In the very particular circumstances of Ms Fleming, the absolute ban amounts to an unjustified and disproportionate breach of her personal autonomy rights, he argued.
Ms Fleming is not seeking to have another person kill her but is prepared to take the necessary steps herself, he said. Due to her physical difficulties, she cannot do so without assistance. The High Court, in rejecting her case, failed to have regard to just how limited the scope of her claim is.
Possibility of abuse
How could the State show how people who would not otherwise die would be brought to death if Ms Fleming won this case, he asked.
The possibility of abuse could not mean a right as fundamental as hers could be restricted, and the State’s interest in the sanctity of her life could not prevent her bringing about the kind of death she seeks.
The State is not entitled to say her life must be continued “at all costs” and cannot condemn her to endure what the rest of society would not tolerate, he argued. “The right to life is not absolute. The acknowledgement of the sanctity of life does not dictate an unwavering adherence to the maintenance of life at all costs.”
Mr Murray was opening the appeal by Ms Fleming (59), who lives in Co Wicklow, before a seven-judge Supreme Court against a High Court decision she cannot be lawfully assisted in taking her own life at a time of her choice.
A three-judge High Court ruled last month the absolute ban on assisted suicide in section 2.2 of the Criminal Law Suicide Act 1993 does not disproportionately infringe Ms Fleming’s rights and is wholly justified in the public interest to protect vulnerable people.
The High Court also ruled the Director of Public Prosecutions cannot issue guidelines setting out what factors she would consider in deciding whether to prosecute cases of assisted suicide.
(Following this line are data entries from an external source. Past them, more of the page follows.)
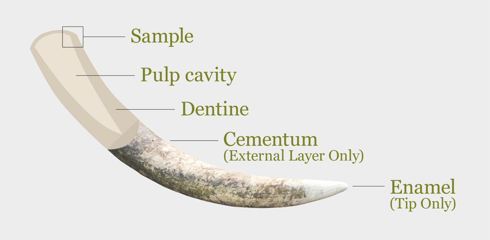 In most cases, ivory fragments of at least 30 mg and less than 2 mm thickness were taken from the most proximal end of the tusk by using a small handsaw or a pincer (see figure below). This section is largely composed of cementum, it is less than six months old and thus minimizes within-individual variation. As this is the most recently-formed and youngest part of the tusk, the isotopic signal reflects the most recent living environment. Thus, attempts to assign an individual elephant to the environment where it died should restrict sampling to the most recently-formed part of the tusks.
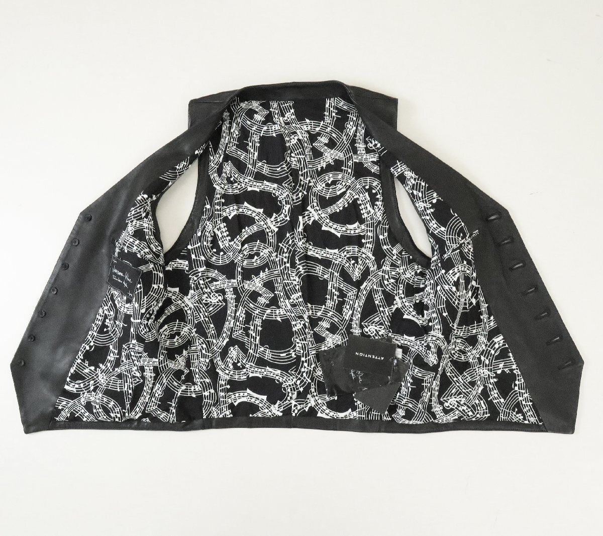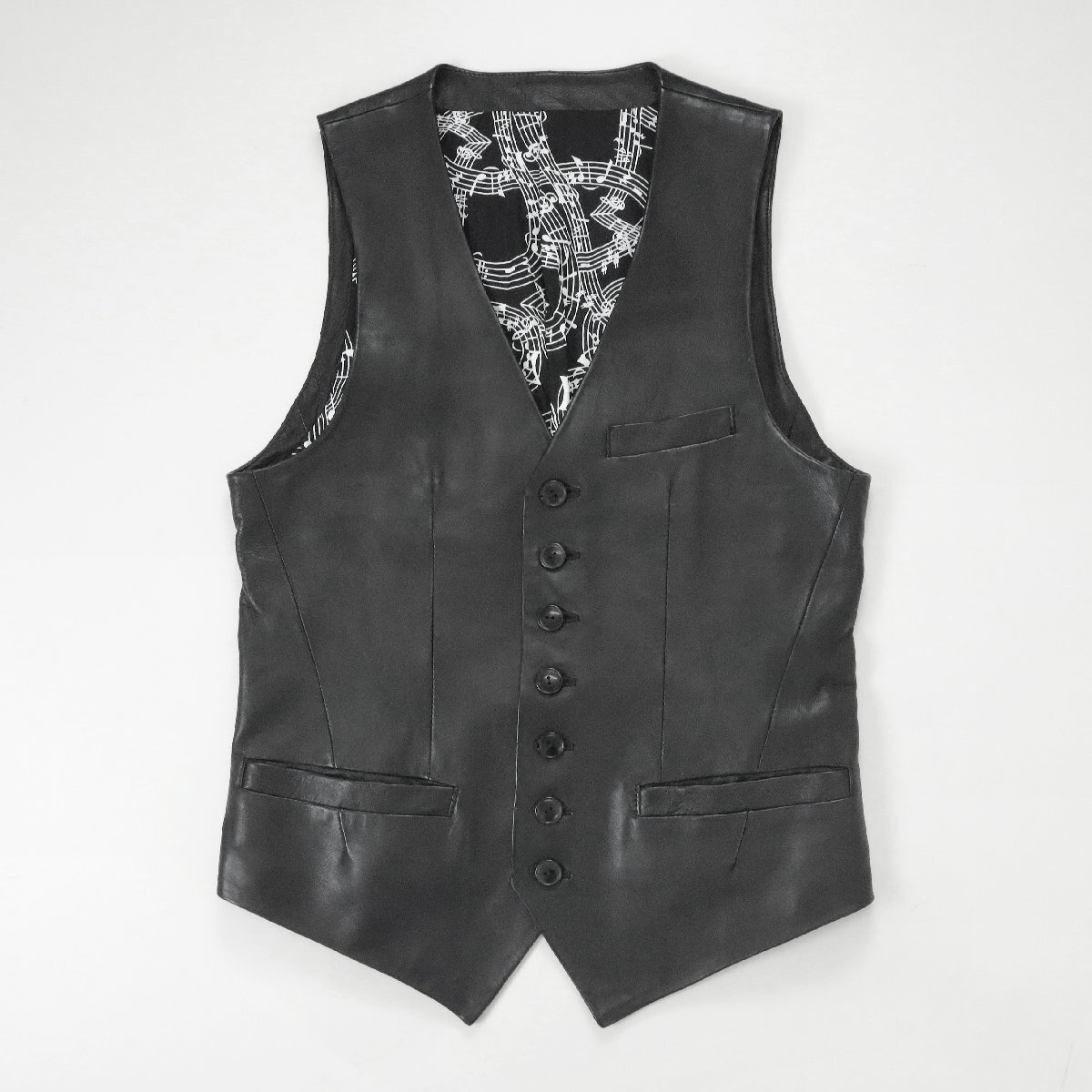 ● 希少レア 未使用 ★ NUMBER (N)INE ◆ 07S/S ABOUT A BOY期 7つボタン 音符 ベスト レザー 黒 サイズ2 ナンバーナイン ◆QV14
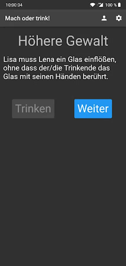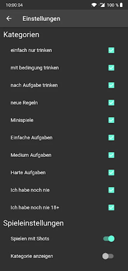 Probably the first drinking game in which you can determine the rules of the game. Each category can be deactivated individually.
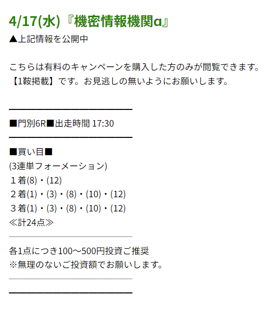| ’25/04/17 門別6R | 機密情報機関α | ◯ | +303,900円 | 100,000円 12,000円 | 415,900円 |
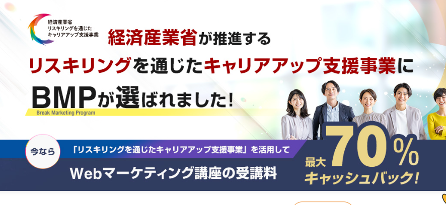 BMPは経済産業省が推進する「リスキリングを通じたキャリアアップ支援事業」の対象講座に認定されています。
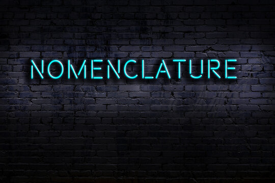 Night view of neon sign on brick wall with inscription nomenclature
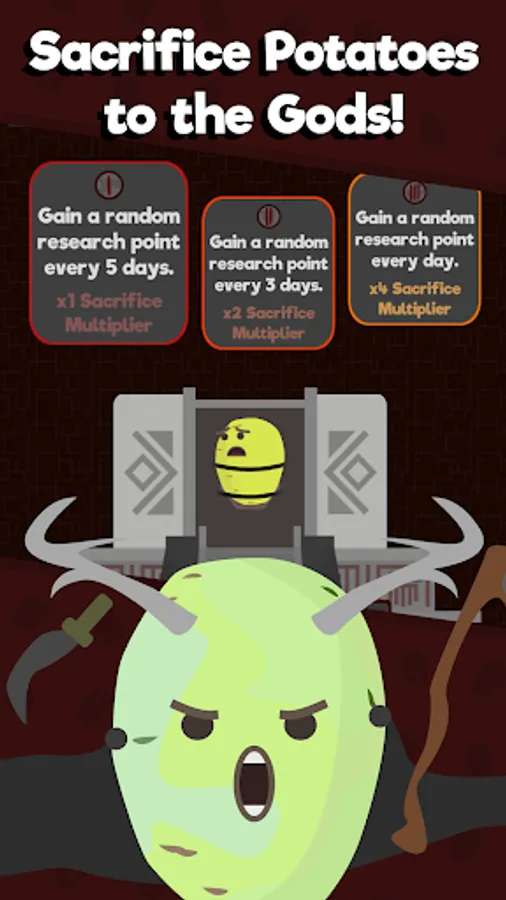 The potatoes follow a very strict faith and will pray to deities that require potato sacrifices daily. Choose your potato god to get your favorite bonuses, and above all else, make sure you have enough sacrifice!
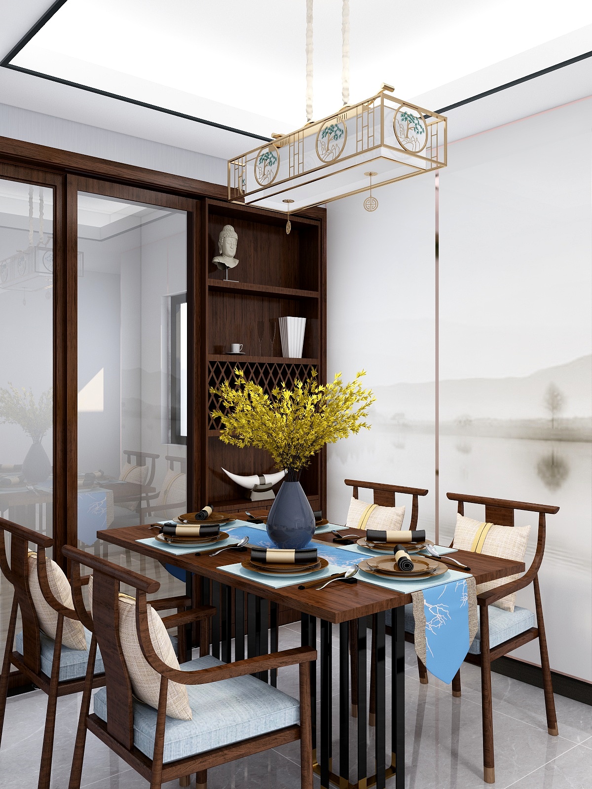 ——餐廳與客廳風格統一,金屬新中式的吊燈,與山水畫結合,精致又有韻味。
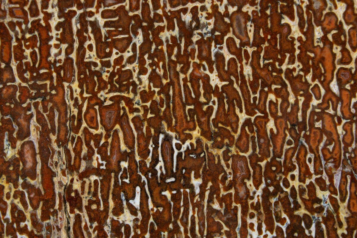 Dinosaur gembone (agatized dinosaur bone) forms when the porous structure of dinosaur bone is replaced by silica-rich minerals like agate, chalcedony, or jasper. This preserves the bone’s internal cell patterns, creating striking, web-like textures visible when polished.
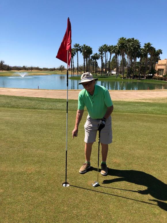 Congratulations to fellow QCMGA member Tom England for scoring a Hole In One on Friday April 2, 2021. Way to go Tom!!! Quoting him, “I got my Hole In One last Friday (April 2nd) on Quail 2 and it was a red flag. The distance was 149 yards, and I hit a 5 hybrid. My playing partners were John Dill and Terry Martin. The photo was taken by John Dill”.
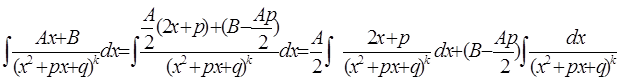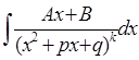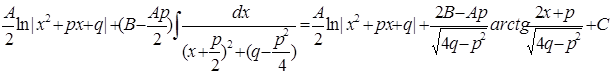 Более сложных вычислений требует интегрирование простейших дробей (4) типа. Пусть нам дан интеграл такого типа:
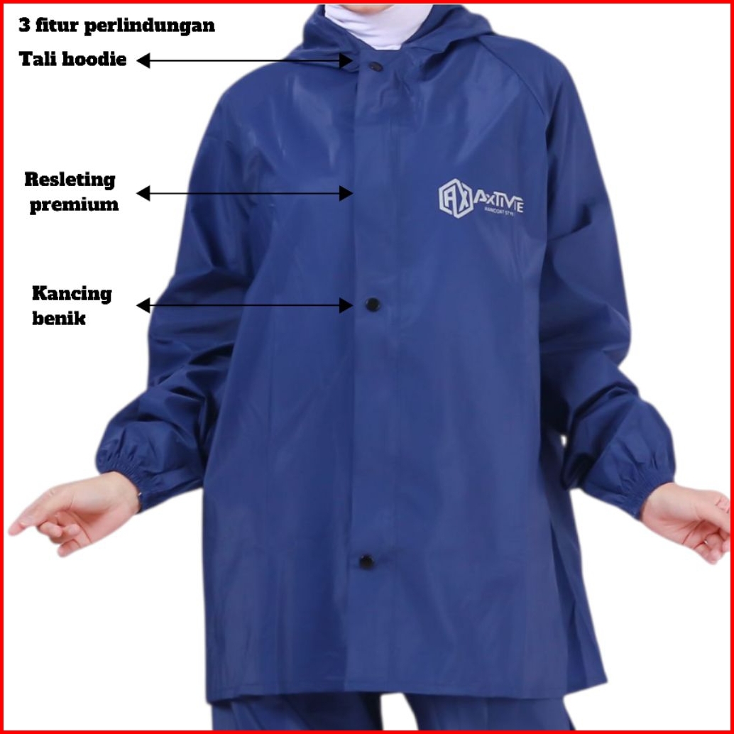 Jas Hujan Pria Wanita Bahan Tebal Ringan Original Axtivie Anti Rembes
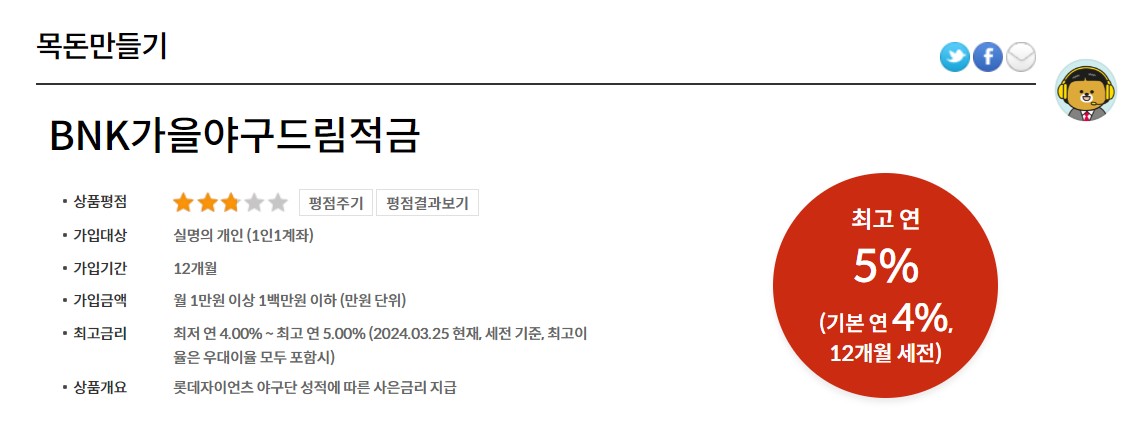 | BNK, 가을야구 정기적금 | 롯데자이언츠 | 4.00 | +1.00 | 5.00 |

The court added it was “sure” the DPP would adopt a “humane and sensitive” approach to Ms Fleming’s plight and she is not appealing that aspect.
Yesterday, Mr Murray agreed Ms Fleming’s claim can be described as asserting a constitutional right to commit suicide but said that description did not do full justice to her claim. The exercise of a right to determine the course of one’s own life includes a right to decide the time and manner in which it will end, he said.
May be ‘locked in’
Ms Fleming will physically further deteriorate and may perhaps experience an increase in choking which she has found so distressing, lose the limited movement of her head, her ability to communicate and may be “locked in”, he said.
She may also face a painful death or a death after she becomes comatose and knows she can do nothing about that, he said. It was a “cruel irony”, he said, that if she were able-bodied she would be able to take her own life and she regretted she had not done so earlier when she was physically able.
In its judgment in another case permitting the withdrawal of treatment from a woman in a permanent vegetative state, the Supreme Court had accepted the right to life is not absolute, he said. While the facts of that case differed, it confirmed there is an entitlement to a dignified death covered by Article 41.3.2 of the Constitution.
“To free the dying from suffering is in itself an aspect of the sanctity of life,” he argued.